** Opening Record extracts block **

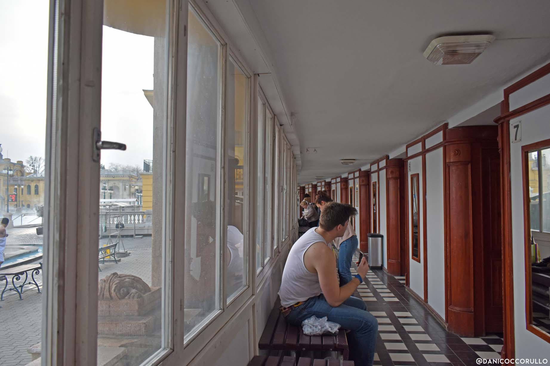 Como dije, ingresar al balneario es como volver en el tiempo. Desde los cambiadores hasta los alrededores, todo parece sacado de una película antigua, conservando muchos detalles y su estilo renacentista moderno. Había relativamente poca gente cuando nosotros fuimos, lo que nos permitió recorrer las instalaciones tranquilos, cambiarnos sin apuro y sacar muchas fotos incluso antes de ingresar a las piscinas.
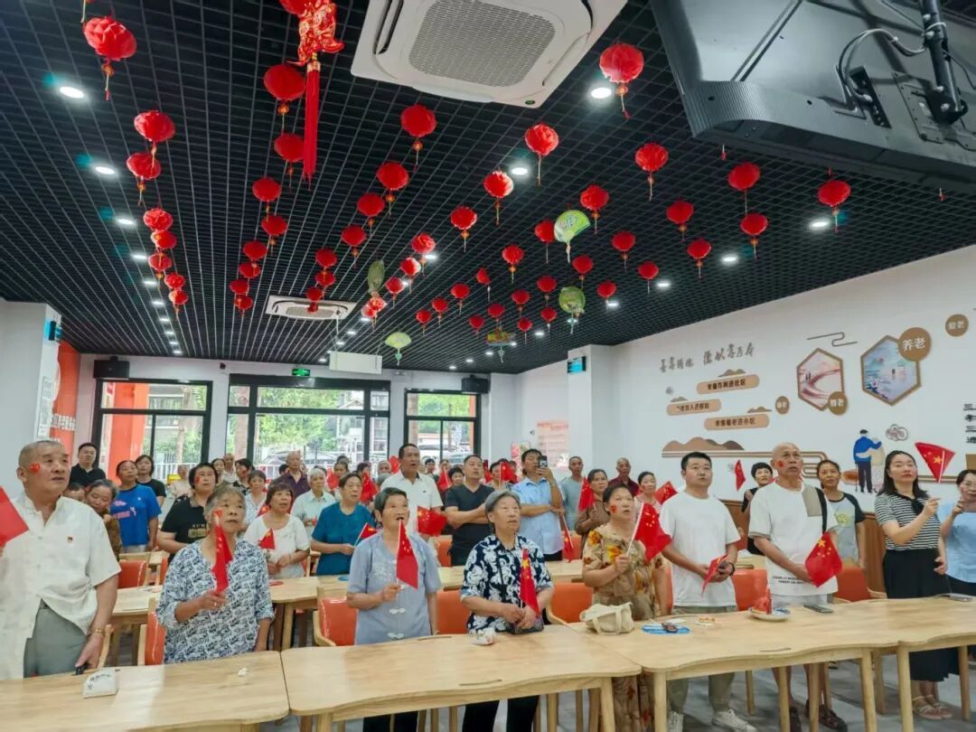 當(dāng)莊嚴(yán)的國歌聲在服務(wù)站活動室內(nèi)響起,全體在場居民自發(fā)肅立,搖起手中的紅旗,齊聲高唱國歌,目光緊緊鎖定屏幕上天安門廣場的盛大場面。隨著受閱部隊一個個方陣邁著鏗鏘有力、整齊劃一的步伐走過,新型武器裝備依次亮相,天空梯隊呼嘯而過,活動現(xiàn)場不時爆發(fā)出陣陣熱烈的掌聲和由衷的贊嘆聲。
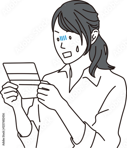 通帳を見て驚く女性のシンプルイラスト
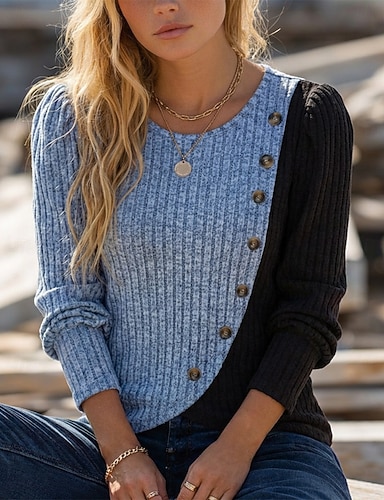 Mujer Tops tejidos de canalé Blusa Con Texturas Retazos Bloque de Color Botones Bloque de color Vintage Elegante Casual Manga Larga Cuello Barco Tops regulares Diario Azul Piscina Verano Primavera
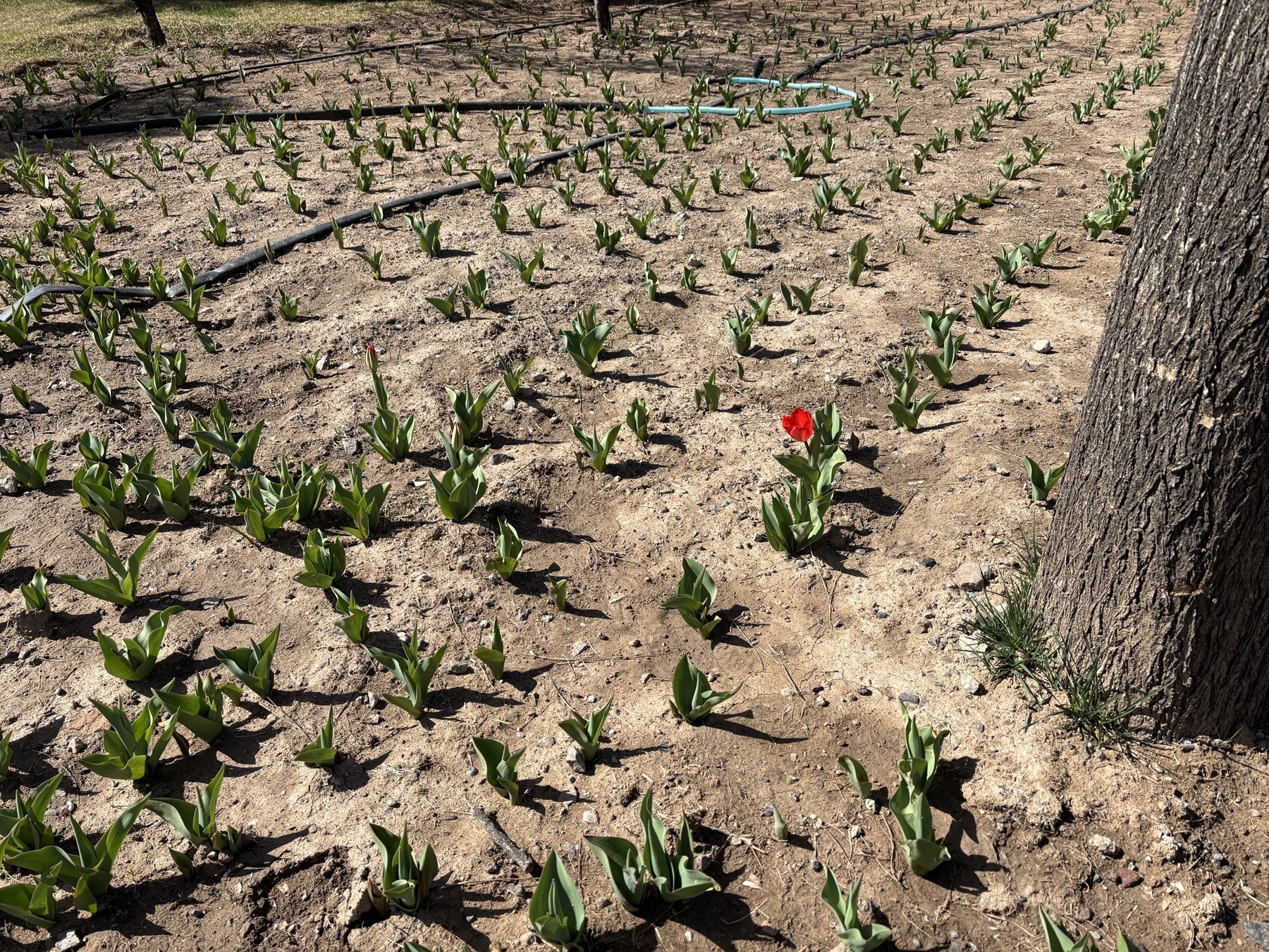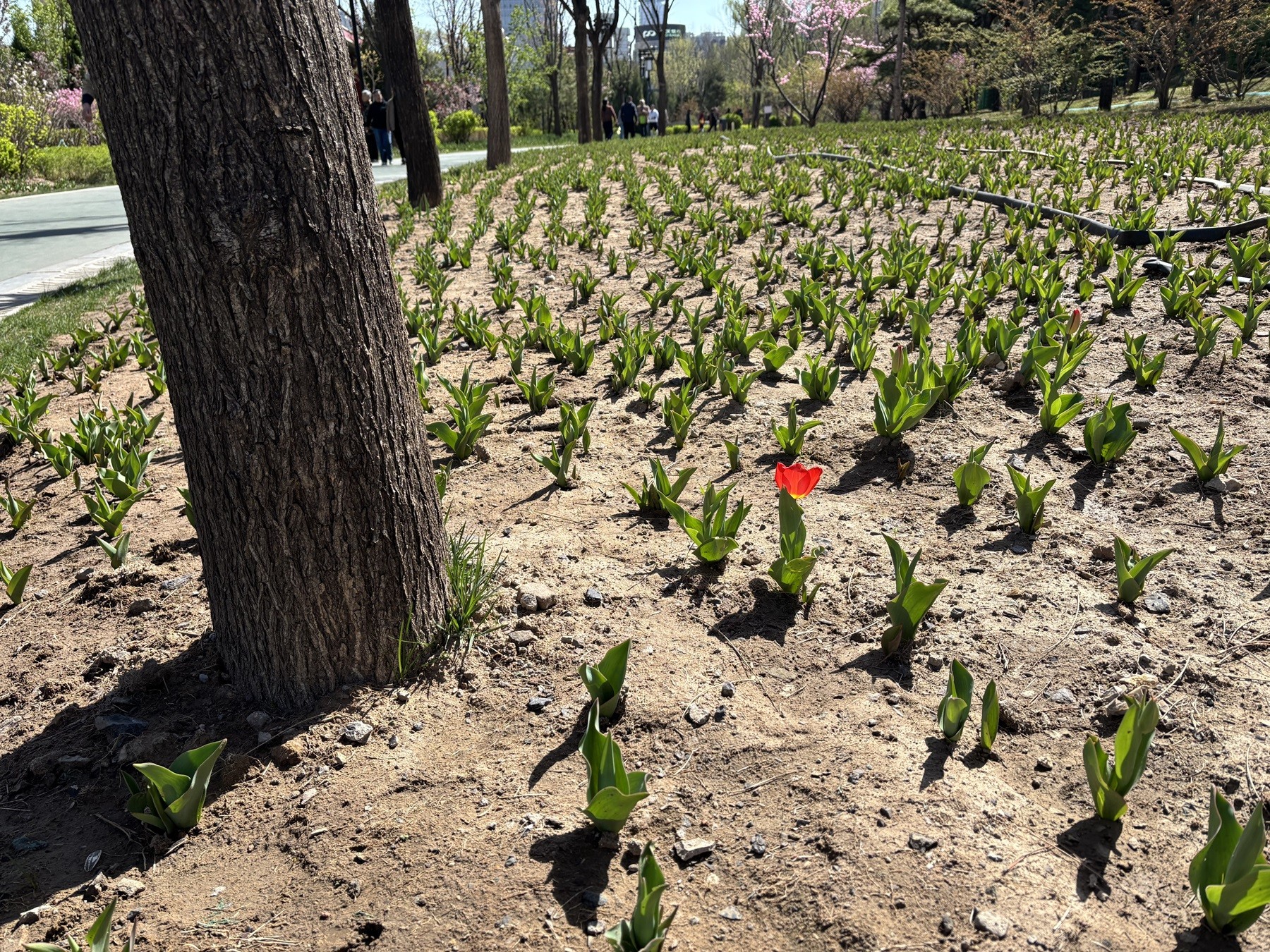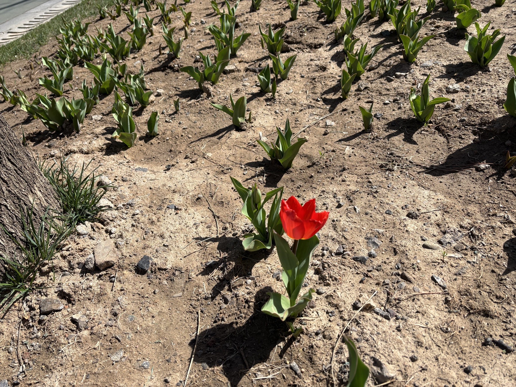 One single flower dares to bloom alone.
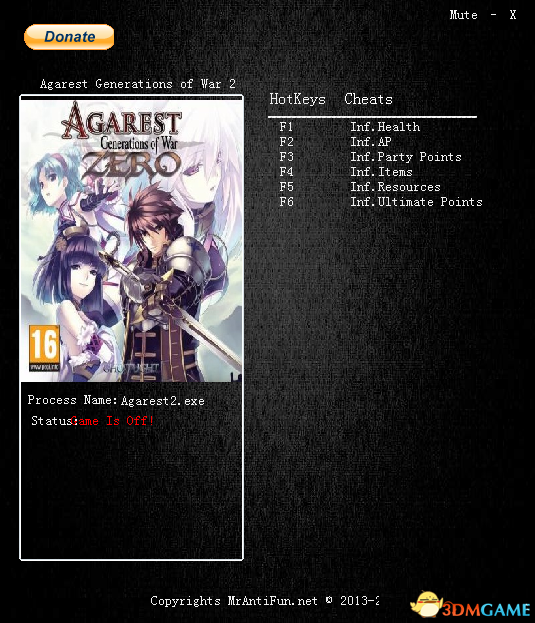阿加雷斯特战记2六项修改器1.0是MrAntiFun基于游戏1.0版本制作,有无限生命、无限政党点数、无限资源和无限终极点数等六项功能,使用时先运行游戏,再启动修改器,然后直接按功能所对应快捷键即可,不一样的游戏玩法从修改器开始。

** Closing Record extracts block **

> Problem
Begin at the line that contains "Mujer Tops tejidos" and transcribe every line through the end of the listing, exactly as written. Omit the pictures.

> Response to this exercise
 Mujer Tops tejidos de canalé Blusa Con Texturas Retazos Bloque de Color Botones Bloque de color Vintage Elegante Casual Manga Larga Cuello Barco Tops regulares Diario Azul Piscina Verano Primavera
 One single flower dares to bloom alone.
阿加雷斯特战记2六项修改器1.0是MrAntiFun基于游戏1.0版本制作,有无限生命、无限政党点数、无限资源和无限终极点数等六项功能,使用时先运行游戏,再启动修改器,然后直接按功能所对应快捷键即可,不一样的游戏玩法从修改器开始。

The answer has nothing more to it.